Michigan dams need ‘immediate attention’ to prevent next failure
by
(Bridge)Michigan’s aging dams require “comprehensive and immediate attention” to avoid future tragedies like last summer’s Midland-area dam failures, a state task force has determined.
In a list of 86 recommendations released Thursday, the task force identified a host of regulatory, legal and funding fixes designed to fix aging dams and boost oversight and enforcement of dam safety.
Many of the recommendations would require changes to state law, and some would come with a price tag. All told, the task force identified funding needs totaling more than $420 million over 20 years. Recommendations also include ways to hold private dam owners financially responsible for keeping their dams safe.
Continuing to underinvest in dam safety, the report stated, “is a violation of the public trust, a path that leads to tragic losses of property and life and is ultimately more expensive to Michiganders.”
Among the task force’s dozens of recommendations:
- Change state law to require surveillance and monitoring plans for all high and significant hazard dams.
- Create a revolving loan fund to provide money for dam improvements, maintenance and removal, along with a grant program for scoping or design of projects to fix or remove dams.
- Create an emergency fund so state officials can fix hazards at dams if the dam owner can’t or won’t pay for repairs.
- Find more money to “substantially enhance dam removal.”
- Require dam owners to prove they can pay to safely operate and maintain or remove their dam, and require them to have insurance that could cover the cost of a catastrophic failure.
- Increase inspection frequency for high and significant-hazard dams.
- Change state law to meet the federal standard for design floods, and increase the state’s authority to step in and address dam safety issues.
- A host of other changes to Michigan law to improve dam oversight and give state regulators access to information about federally-regulated dams that they currently lack.
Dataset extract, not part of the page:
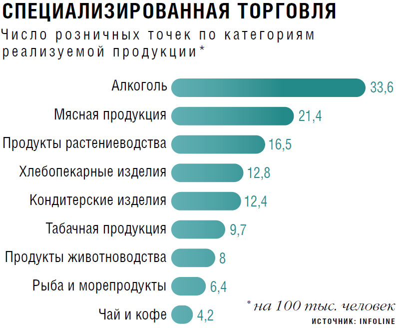 Подробные исследования рынка фирменных магазинов производителей продукции АПК в России не проводились. Так, по данным информационно-аналитического агентства INFOLine, в 2021 году более половины оборота российского FMCG-ритейла приходилось на 100 торговых сетей, а примерно 14 % — на несетевую розницу. Однако фирменные розничные сети сельхозпроизводителей в структуре этого рынка никак не обозначены. Ранее гендиректор INFOLine Иван Федяков также указывал, что на начало 2021 года в России насчитывалось более 200 тыс. специализированных продуктовых магазинов (см. график). Среди них торговых точек, специализирующихся на продаже мясной продукции, было чуть более 30 тыс., реализацией другой продукции животноводства занимались примерно 12 тыс., а продукции растениеводства — около 24 тыс. Эти подсчеты включают как фирменные магазины типа «Мясницкий ряд», принадлежащие определенному производителю продуктов питания, так и специализированные магазины с условным названием «Мясной рай», где представлена продукция разных компаний.

You can read the full report here.
State leaders, the task force concluded, “must take meaningful action to advance all of the recommendations — the potential human and economic costs of business as usual are too great to ignore.”
In a statement Thursday, Liesl Clark, director of the state department of Environment, Great Lakes and Energy, said the agency is “moving forward with changes we can make.” That includes hiring three dam safety engineers.
But many of the task force’s recommendations require legislative action. Task force member Bryan Burroughs, executive director of Michigan Trout Unlimited, a conservation group, said he expects the recommendations to serve as a template for future legislation.
Action, he said, is “imperative.”
“This problem has been evolving and getting worse for a long time,” Burroughs said. “If we can’t decide to get on top of this problem and start working on it now, shame on everybody later when a couple years from now another dam goes and somebody loses their life.”’
In a statement, Senate Environmental Quality Committee Chairperson Rick Outman said he’s “eager” to review the recommendations “so we can work together to make sure something like this never happens again.”
Whitmer convened the task force last year, after the Edenville and Sanford dams collapsed May 19 amid heavy rainfall following years of warnings from federal and state regulators that Edenville’s spillway could not withstand a large flood.
The failures devastated the Midland area, flooding downstream communities and forcing 11,000 people to evacuate, while causing $200 million in damages to more than 2,500 structures.
Michigan regulators had taken control of the Edenville dam in September 2018, after the Federal Energy Regulatory Commission revoked the permit dam operator, Boyce Hydro, LLC, to generate power. That decision followed decades of increasingly stern warnings to Boyce that it needed to bring the dam into compliance with federal flood safety standards.
Because Michigan’s dam safety standards are half as strong as the federal standard for high-hazard dams like Edenville, that created new problems. State regulators weren’t sure whether Edenville met the state’s threshold. The dam failed while they were awaiting a report that later concluded Edenville fell short of Michigan’s standards.
State task force members indicated other dams pose pressing safety concerns of their own. Michigan’s more than 2,600 dams represent “an aging inventory that requires comprehensive and immediate attention,” they wrote.
The report’s general thrust is similar to that of an October report by an independent review team with the Association of State Dam Safety Officials. That group concluded that Michigan’s dam safety program is underfunded, understaffed, and suffers from a “culture of minimal enforcement.”